(Data provided begins)

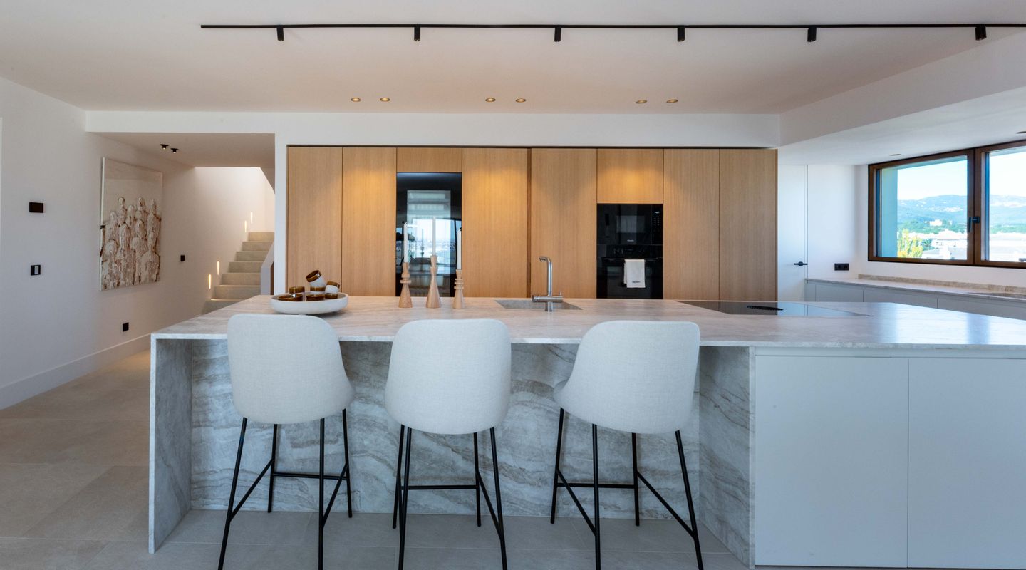 El impecable diseño interior y la arquitectura definen el carácter de este ático de dos plantas, en el que cada detalle ha sido cuidadosamente elaborado para crear un espacio visualmente impresionante y funcionalmente acogedor. La practicidad y la comodidad están garantizadas gracias a las dos plantas conectadas por una escalera interior, las terrazas de cada habitación, el estacionamiento subterráneo para dos coches y dos trasteros.
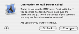 - VERY IMPORTANT! If you plan to set up secure connections, do not enter your correct password, because it will be transmitted over the internet in “clear text”. Enter an incorrect password here. You will occasionally get a dialog box requesting your password when mail attempts to check your mail. Ignore it until you finish setting up the secure connections. Just hit cancel when these messages appear.
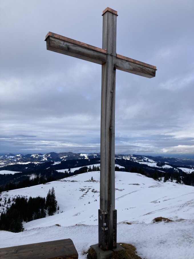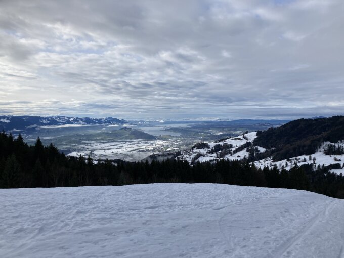 Es hat vom Parkplatz weg noch genügend Nassschnee bis auf den Gipfel.

(Data provided ends)

Task item — Copy each line of the listing exactly, skipping any picture.

Written response —
 El impecable diseño interior y la arquitectura definen el carácter de este ático de dos plantas, en el que cada detalle ha sido cuidadosamente elaborado para crear un espacio visualmente impresionante y funcionalmente acogedor. La practicidad y la comodidad están garantizadas gracias a las dos plantas conectadas por una escalera interior, las terrazas de cada habitación, el estacionamiento subterráneo para dos coches y dos trasteros.
 - VERY IMPORTANT! If you plan to set up secure connections, do not enter your correct password, because it will be transmitted over the internet in “clear text”. Enter an incorrect password here. You will occasionally get a dialog box requesting your password when mail attempts to check your mail. Ignore it until you finish setting up the secure connections. Just hit cancel when these messages appear.
 Es hat vom Parkplatz weg noch genügend Nassschnee bis auf den Gipfel.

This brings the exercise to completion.